Сугробы снега. Тропинки. Темные масляные пятна на местах стоянок самолетов. Сосны и между ними — двухэтажные дома с бревенчатыми стенами. Вот на крыльцо с поломанными перилами вышла женщина, укутанная в платок. Постояла, посмотрела безучастно и ушла. Движения ее были медленные, скупые.

Тогда я посмотрел на людей, разгружавших самолет. И они тоже, ссутулив спины, двигались вяло и безучастно.

И только тут я понял, в чем особенность этого аэродрома. Здесь были голодные люди.

К нам, поскрипывая снегом, подъехала легковая машина с двумя автоматчиками. Я уже знаю от ребят — шофера звать Сашей. Он сейчас вылезет из машины, поздоровается с нами, как со старыми знакомыми, и тотчас же начнет хвастаться своими автомобильными покрышками, которых «пуля не берет».

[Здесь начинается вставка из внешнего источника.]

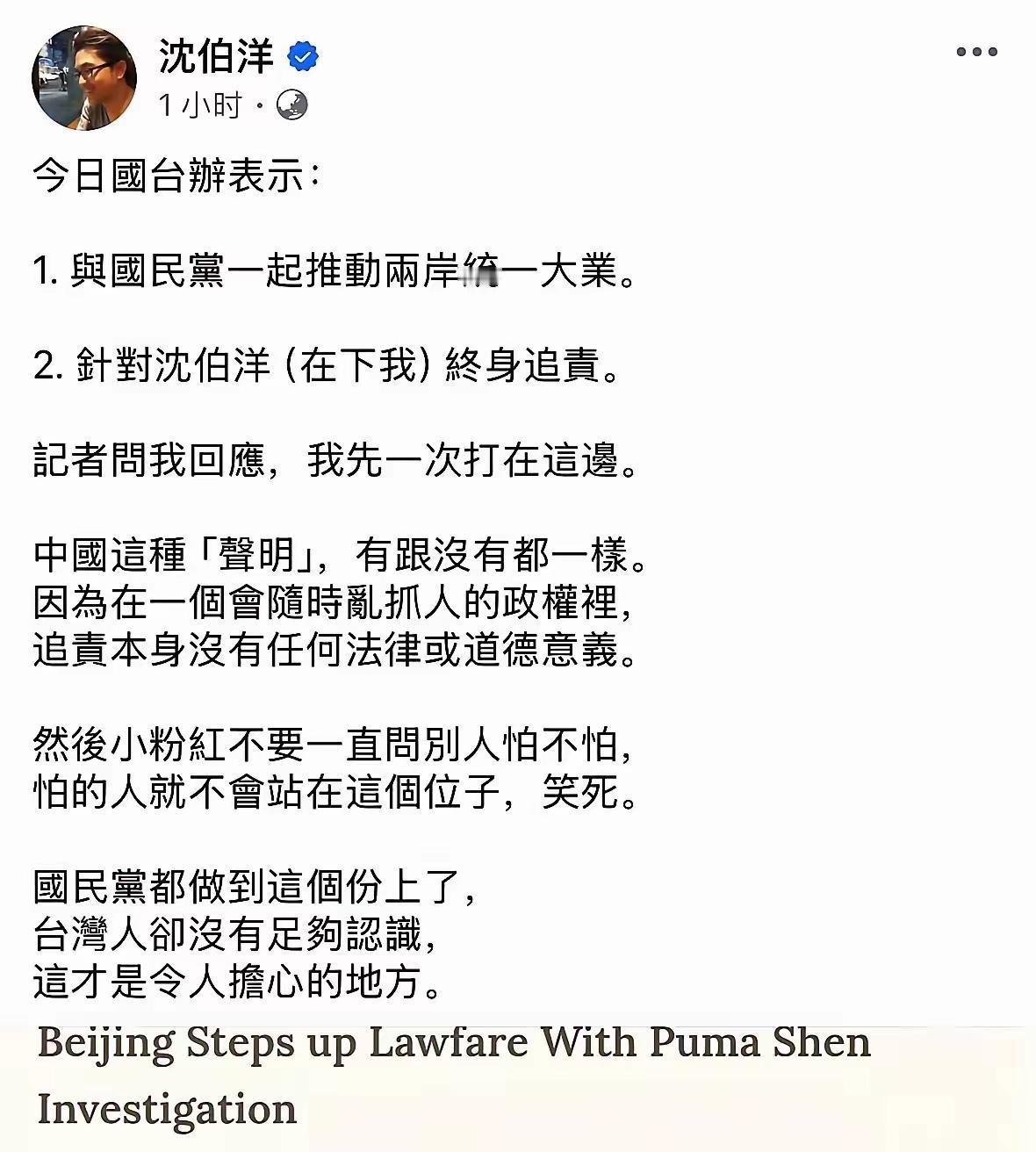 继黑熊学院全体举牌支持沈伯洋后,沈伯洋又发话了,中国所谓对他终身追责的声明没有任何意义,自己根本不怕,怕就不会在这个位子了,还表示自己笑死。 他说真正让台湾人担心的是,国民党和大陆这边一唱一和,这才是台湾危机。 有网友说:大陆敢做说明就有办法,缅甸案件刚开始也没有人信,现在呢?相信 这个货本来大脑出了问题,叫偏执狂暴症,不知道他的下场是什么结局,试目以待! 尽快落实吧公安部门!早点抓起来,看他死到临头还嘴硬!沈伯洋你和14亿人作对,你就是死路一条! 缅北犯罪集团我们都能抓回来判死刑,你个沈伯洋算个毛,等我们真动手的时候,看你还有多嘴硬,就凭这货不断挑衅,司法系统必须下重手严查严办,真正起到严惩一个震摄一片的作用!!! 有没有人把举牌的人名一一报出来?然后另一些人把他们的关联人,公司,业务也一一报出来。过街老鼠,人人喊打。。 大家怎么看呢?

Так оно и случилось. Пока наш Фома Кузьмин выбирался из самолета и впихивался со своими громоздкими тулупом, валенками и портфелем в «эмку», Саша успел все рассказать о покрышках. Увидев на моем лице признаки сомнения, он, недолго думая, выхватил из кобуры пистолет и — бах! бах! — два раза выстрелил в заднее колесо своей машины. И никто не ойкнул, никто не обругался и даже никто не обернулся на выстрелы. Мне только осталось рот раскрыть от изумления. Довольный произведенным эффектом, Саша сунул пистолет в кобуру и, сказав, что вторым рейсом заедет за нами, сел за руль.

Наконец Фома Кузьмич умостился, автоматчики заняли свои места, и Саша, резво сорвав с места машину, умчался на своих непробиваемых покрышках.

Мы с Архангельским завязывали последние тесемки на зачехленной машине, когда мое внимание привлек робкий хруст снега под чьими-то неуверенными шагами. Я оглянулся. Передо мной стоял худой, как скелет, человек в серой измятой шинели, в кирзовых сапогах и в шапке-ушанке с завязанными у подбородка тесемками. Это был ополченец. Он вышел из леса и сейчас, бессильно опустив руки, тяжело переводил дыхание. Он смотрел на меня большими круглыми глазами, полными неизъяснимой печали и доброты, страстной надежды и разочарования.

Наконец он отдышался и слабым голосом, который еле было слышно из-за налетевшего внезапного ветра, сказал без всякой интонации:

— Товарищ летчик, не найдется ли у вас кусочка хлеба?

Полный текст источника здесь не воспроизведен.